Immaturity is the incapacity to use one’s intelligence without the guidance of another and is caused by lack of determination and courage to express one’s beliefs and convictions. Man, by his very nature cherishes the need for free thought. This free thought gradually acts upon the mind of the people and they gradually become more capable of acting in freedom. Eventually, the government is also influenced by this free thought and thereby it treats man, who is now more than a machine, according to his dignity. (from The Philosophy of Kant by Immanuel Kant, translated, edited and introduced by Carl J. Friedrich. Copyright 1949 and renewed 1977 by Random House, Inc. ) The design and structure of an organization paradigm, ultimately determines the culture of an organization and the efficiency of its workforce because of its effect on the relationships and behavior of individuals within organizations. Organizational analysis is concerned with developing models and theories that accurately describe the functioning and development of organizations and that account for the ways in which organizations acknowledge and apply this information to accomplish change.

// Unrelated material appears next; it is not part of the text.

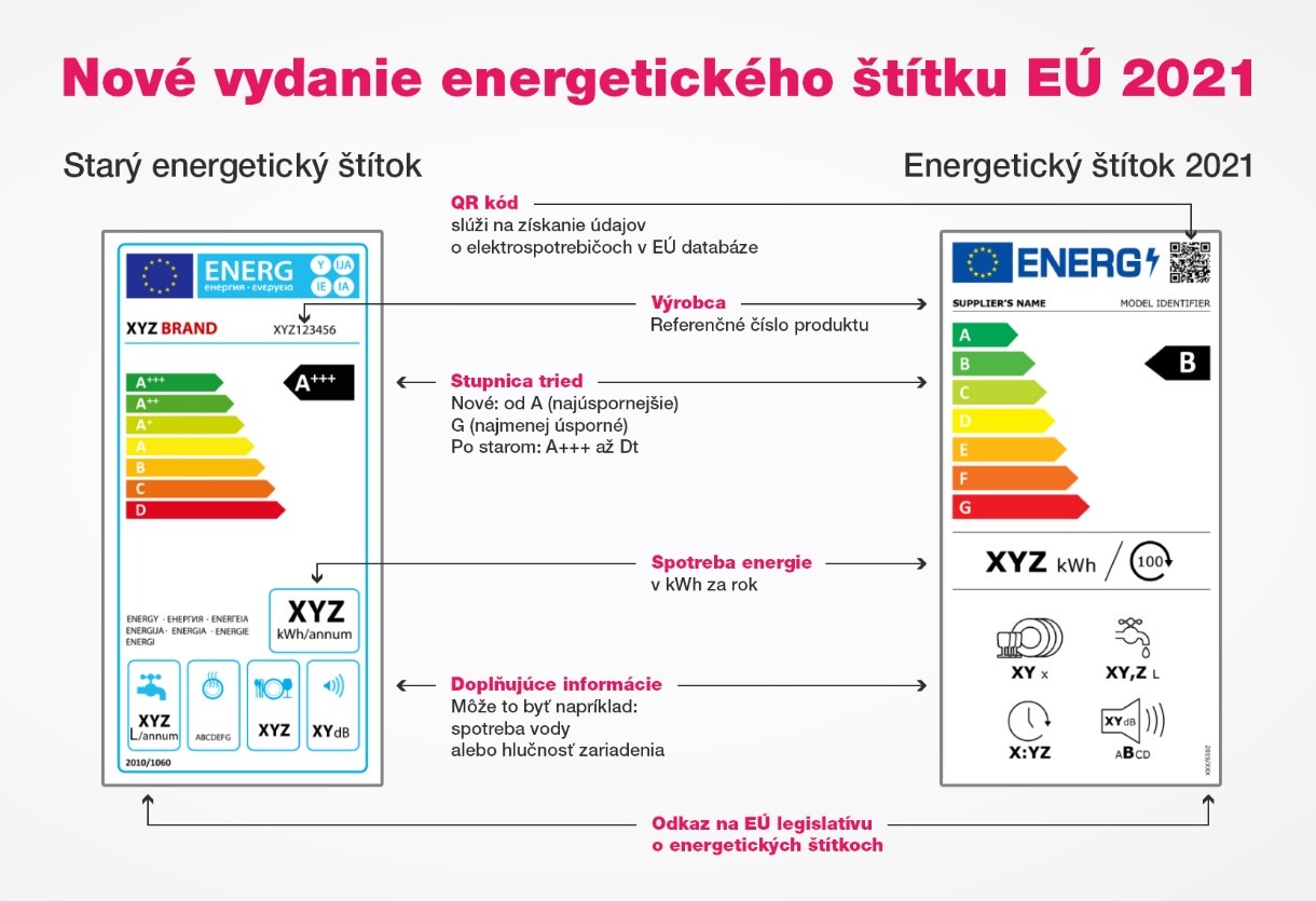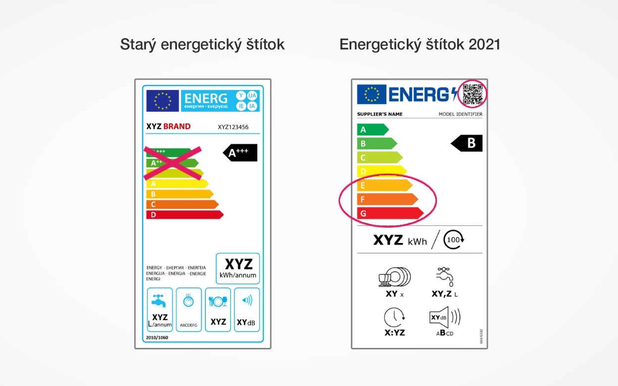 - Od 1. marca 2021 sa budú novým štítkom označovať chladničky, mrazničky, práčky a kombinované práčky so sušičkou, umývačky riadu, televízory, monitory a elektronické displeje. Ďalšie kategórie si prejdú obdobnou zmenou v budúcnosti

One of the basic techniques of organizational analysis is developing models that delineate the way organizations function and evolve. Modeling enables managers to determine the crucial variables in particular circumstances so they can implement new and more effective strategies. Various organizational paradigms exist which, in turn, affects the systems organizations adopt and integrate into their respective cultures. Writer discusses three major organizational paradigms, namely: rational, natural, and open organizational systems. A system is commonly defined as a group of interacting units or elements that have a common purpose. These units or elements include machinery, equipment, people and other things that make up the aggregate of the organization. Systems can be classified as open or closed and they can take the form of mechanical, biological, or social systems. An organization is an example of a social system.